Source data =
•••••

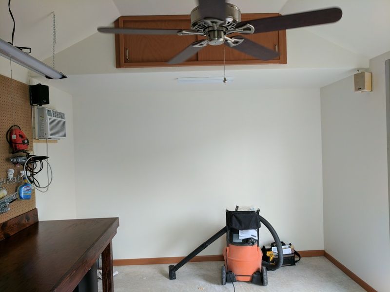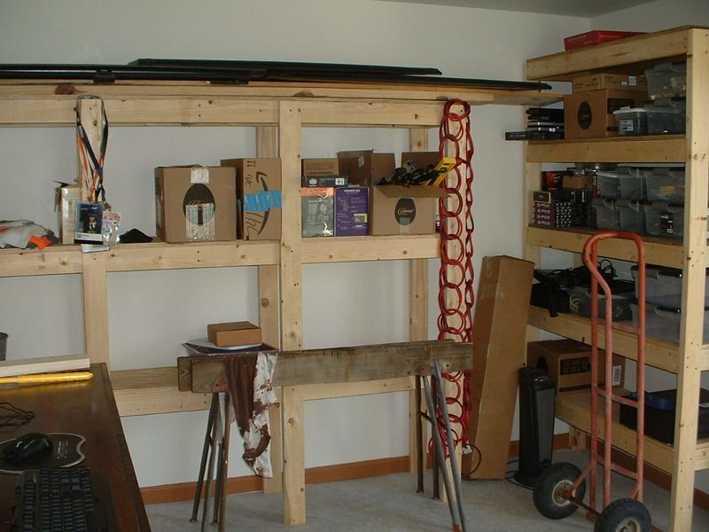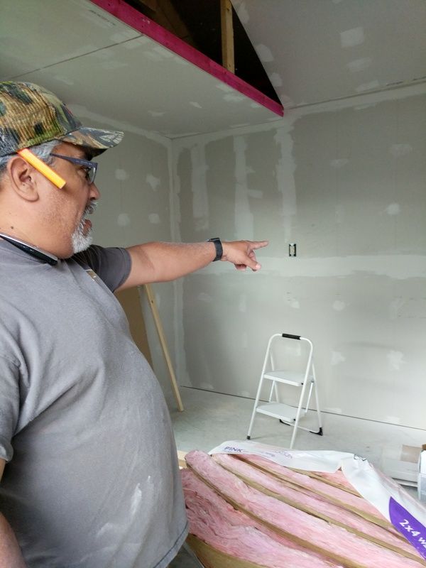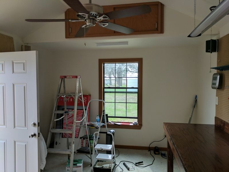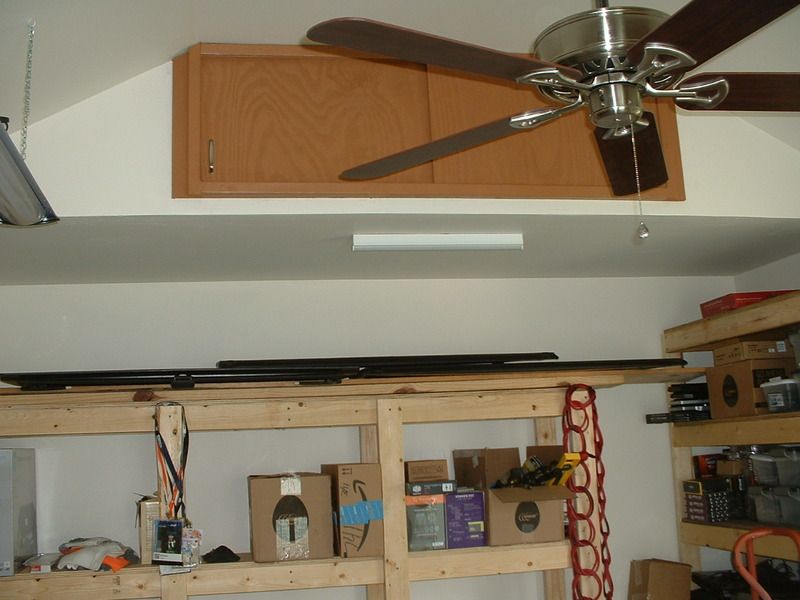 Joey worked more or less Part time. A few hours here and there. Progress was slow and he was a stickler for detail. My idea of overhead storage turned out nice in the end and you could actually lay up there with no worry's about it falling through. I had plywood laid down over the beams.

•••••

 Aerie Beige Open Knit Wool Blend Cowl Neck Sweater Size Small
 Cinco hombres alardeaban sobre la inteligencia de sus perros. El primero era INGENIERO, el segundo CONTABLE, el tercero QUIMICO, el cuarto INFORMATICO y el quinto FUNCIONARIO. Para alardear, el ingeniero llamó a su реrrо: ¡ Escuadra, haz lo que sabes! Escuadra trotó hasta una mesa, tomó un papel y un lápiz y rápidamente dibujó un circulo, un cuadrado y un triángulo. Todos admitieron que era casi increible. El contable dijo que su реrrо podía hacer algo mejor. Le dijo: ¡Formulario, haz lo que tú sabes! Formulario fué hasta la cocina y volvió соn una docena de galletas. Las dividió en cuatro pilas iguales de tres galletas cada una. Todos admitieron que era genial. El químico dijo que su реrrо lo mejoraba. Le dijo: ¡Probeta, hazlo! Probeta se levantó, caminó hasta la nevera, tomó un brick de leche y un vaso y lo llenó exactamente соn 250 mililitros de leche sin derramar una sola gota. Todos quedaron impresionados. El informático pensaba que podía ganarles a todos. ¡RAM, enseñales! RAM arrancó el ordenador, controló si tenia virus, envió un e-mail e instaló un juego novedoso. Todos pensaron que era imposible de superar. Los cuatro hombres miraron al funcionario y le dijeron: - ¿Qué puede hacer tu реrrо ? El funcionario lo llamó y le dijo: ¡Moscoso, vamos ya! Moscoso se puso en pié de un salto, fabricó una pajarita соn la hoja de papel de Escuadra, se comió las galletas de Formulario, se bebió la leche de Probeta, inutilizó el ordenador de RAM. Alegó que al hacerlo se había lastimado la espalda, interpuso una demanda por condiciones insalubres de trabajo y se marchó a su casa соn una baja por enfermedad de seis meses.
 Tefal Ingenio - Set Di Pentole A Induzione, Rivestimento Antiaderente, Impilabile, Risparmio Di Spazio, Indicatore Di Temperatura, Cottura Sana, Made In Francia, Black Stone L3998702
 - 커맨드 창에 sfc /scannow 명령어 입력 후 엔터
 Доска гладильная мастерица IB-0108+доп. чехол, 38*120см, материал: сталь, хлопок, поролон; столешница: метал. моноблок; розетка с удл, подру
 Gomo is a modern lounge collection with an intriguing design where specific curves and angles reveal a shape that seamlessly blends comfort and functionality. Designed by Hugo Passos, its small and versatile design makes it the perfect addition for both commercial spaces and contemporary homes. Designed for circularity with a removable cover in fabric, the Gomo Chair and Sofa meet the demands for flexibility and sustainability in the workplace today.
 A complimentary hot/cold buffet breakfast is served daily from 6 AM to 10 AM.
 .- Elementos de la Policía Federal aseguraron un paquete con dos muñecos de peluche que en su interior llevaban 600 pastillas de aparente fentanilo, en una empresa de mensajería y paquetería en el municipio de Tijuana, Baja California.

•••••

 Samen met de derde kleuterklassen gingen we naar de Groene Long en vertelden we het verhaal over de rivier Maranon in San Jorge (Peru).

•••••

Your instructions = Above are some lines. Repeat exactly, and only, those from the line that has "Доска гладильная мастерица" through the line that has "Tijuana, Baja California.".

Finished task =
 Доска гладильная мастерица IB-0108+доп. чехол, 38*120см, материал: сталь, хлопок, поролон; столешница: метал. моноблок; розетка с удл, подру
 Gomo is a modern lounge collection with an intriguing design where specific curves and angles reveal a shape that seamlessly blends comfort and functionality. Designed by Hugo Passos, its small and versatile design makes it the perfect addition for both commercial spaces and contemporary homes. Designed for circularity with a removable cover in fabric, the Gomo Chair and Sofa meet the demands for flexibility and sustainability in the workplace today.
 A complimentary hot/cold buffet breakfast is served daily from 6 AM to 10 AM.
 .- Elementos de la Policía Federal aseguraron un paquete con dos muñecos de peluche que en su interior llevaban 600 pastillas de aparente fentanilo, en una empresa de mensajería y paquetería en el municipio de Tijuana, Baja California.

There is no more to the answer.